Logstash elastic as input

Hi.

I am using existing index as input and enriching it with the data from SQL server. This enriching process needs to run weekly for now. Currently I am loading past 10 days, but that cause duplicate. Preformatted textI am looking for a way for Logstash to know the last timestamp, so enriching process can start from there.
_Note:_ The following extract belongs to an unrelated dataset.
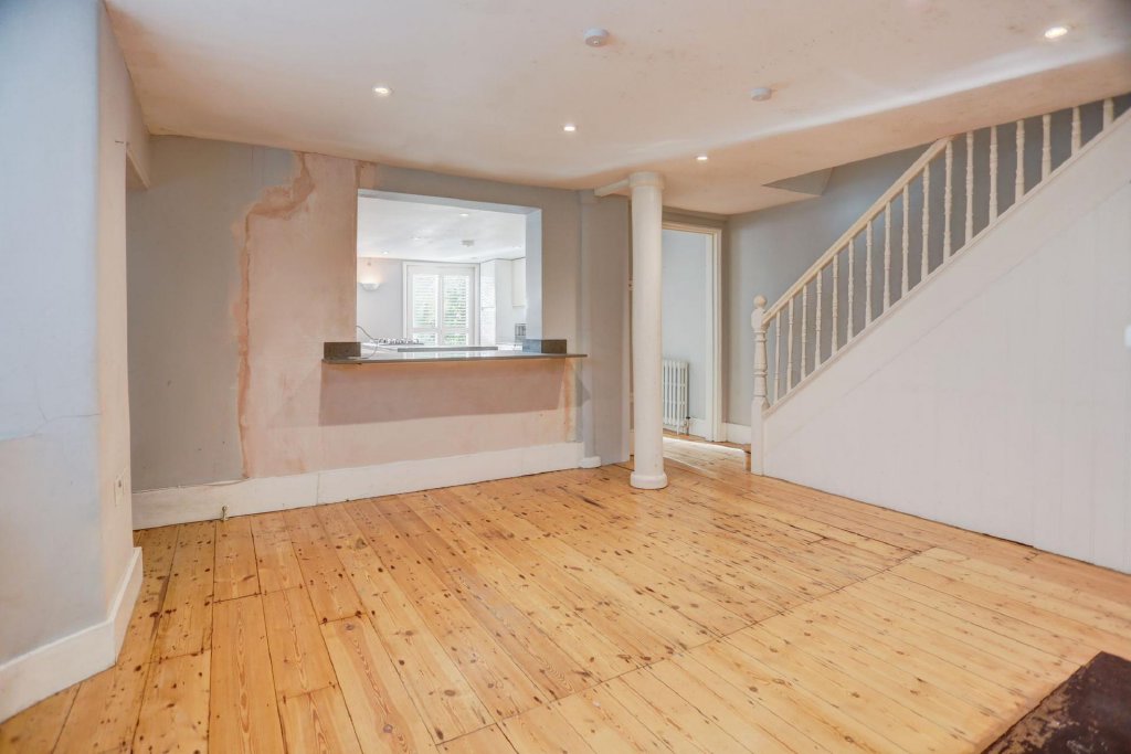 On entering from the lower ground floor, a fantastic boot room provides access to all rooms and offers a handy spot to store outdoor shoes and coats. To the front is a modern statement j-pull kitchen and dining room, decorated in grey to unite a vast range of period characteristics; a distinctive south facing curved bay window and French door pours light into the room accentuating the space with a sizable central island and breakfast bar as a focal point. A gulf of base and wall mounted cabinets line the room taking full advantage of space. At the rear is the separate dining area and convenient utility room/pantry. Reaping the very most from the afternoon sun, the kitchen leads on to a delightful garden; the ideal spot for al fresco dining in the summer months. Handy under stair storage cupboards are accessible from the hallway.

Is there way to have it as parameter and save locally?

input {
  elasticsearch {
hosts => ["https://eq.a.am:9200"]
user => "logstash_internal"
password => "pasword"
index => "log-nnnnn-*"

query => '{
  "query": {
    "bool": {
     "must": [{"exists": {"field": "Properties.LoginName"}},
      {"range":{"Timestamp":{"gte":"now-10d"}}}
     ]
    }
  }
}'
  }
}
filter {
 jdbc_static {
loaders => [
  {
    id => "remote-nnnnn-users"
    query => "SELECT  username,offices,usertype,firstname,lastname FROM users"
    local_table => "localnnnnnusers"
  }
]
local_db_objects => [
  {
    name => "localnnnnnusers"
    index_columns => ["username"]
    columns => [
      ["username", "varchar(200)"],
      ["Offices", "varchar(200)"],
      ["usertype", "varchar(200)"],
      ["firstname", "varchar(200)"],
      ["lastname", "varchar(200)"]
    ]
  }
]
local_lookups => [
  {
    id => "local-users"
    query => "SELECT offices ,usertype ,firstname ,lastname FROM localnnnnnusers where username = :username"
    parameters => {username => "[Properties][LoginName]"}
    target => "userinformation"
  }
]
staging_directory => "/tmp/logstash/jdbc_static/import_data"
loader_schedule => "*/30 * * * *"
jdbc_user => "Auser"
jdbc_password => "password"
jdbc_driver_class => "com.microsoft.sqlserver.jdbc.SQLServerDriver"
jdbc_driver_library => "/usr/share/logstash/logstash-core/lib/jars/mssql-jdbc-8.2.2.jre8.jar"
jdbc_connection_string => "jdbc:sqlserver://l.a.am:1433;databaseName=P;integratedSecurity=false;"
  }
}


output {
  elasticsearch {
hosts => ["https://e.a.am:9200"]
cacert => "/etc/logstash/certs/e.crt"
user => "logstash_w"
password => "pasword"

index => "log-nnnnnwithusers-%{+YYYY.MM.dd}"
  }

}

There is an open issue for an enhancement to the input to support maintaining state like a jdbc input. It does not currently do so.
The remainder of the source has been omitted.